In the mid 1990s, Texas researchers Forrest Mitchell and James Lasswell needed a good way to record and identify dragonflies for a water-quality project. They developed a technique using a portable scanner that produced beautiful results by scanning live specimens that could then be returned to the wild. They outline their techniques and show off their photography in "A Dazzle of Dragonflies" (Texas A&M University Press, 2005). Their web site (www.dragonflies.org) provides much additional information and resources and allows dragonfly aficionados to exchange information.

Mitchell and Lasswell encourage people to attract dragonflies to their yards by creative garden planning that includes elements of standing or flowing water - water being essential to dragonfly reproduction. Even a 150-gallon water garden will attract a variety of dragonflies and damselflies. Females will lay eggs that hatch into nymphs, which you can also observe or raise in small containers to directly see which nymphs produce which dragonfly adults.

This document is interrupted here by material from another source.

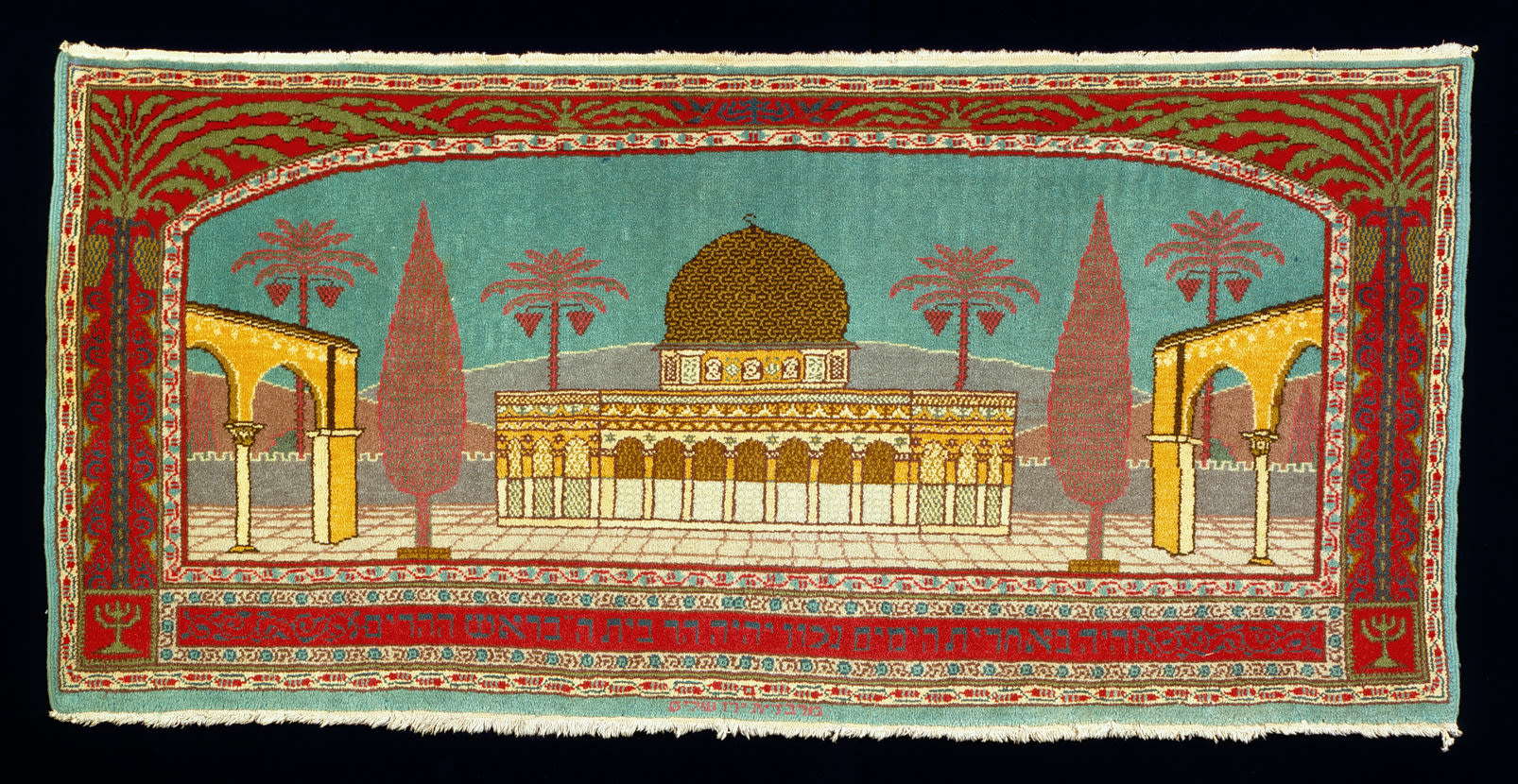 That this is a messianic view of the rebuilt Temple is indicated by the verse at bottom: But in the end of days,.... the mountain of the Lord's house shall be established (Micah 4:1). The imagined building is based on the Mosque of Omar on the Temple Mount, with imagined arcades on each side. Two large palm trees border the central image and a stylized menorah is in the border above the dome.

Adults like to perch on nearby plants and some nymphs require soil at the bottom of the water container in which to burrow.

A Colorado State University entomologist, Boris Kondratieff, also maintains a USGS web site on dragonflies and damselflies of the United States at www.npwrc.usgs.gov/resource/distr/insects/dfly/dflyusa.htm. Click on Colorado to find lists of species and some photos of species found in each of Colorado's counties.

Naturalists don't need fantasy video games while the local dragons of summer are flying outside. These insects provide hours of pleasurable observation and a solid appreciation of classic insect design.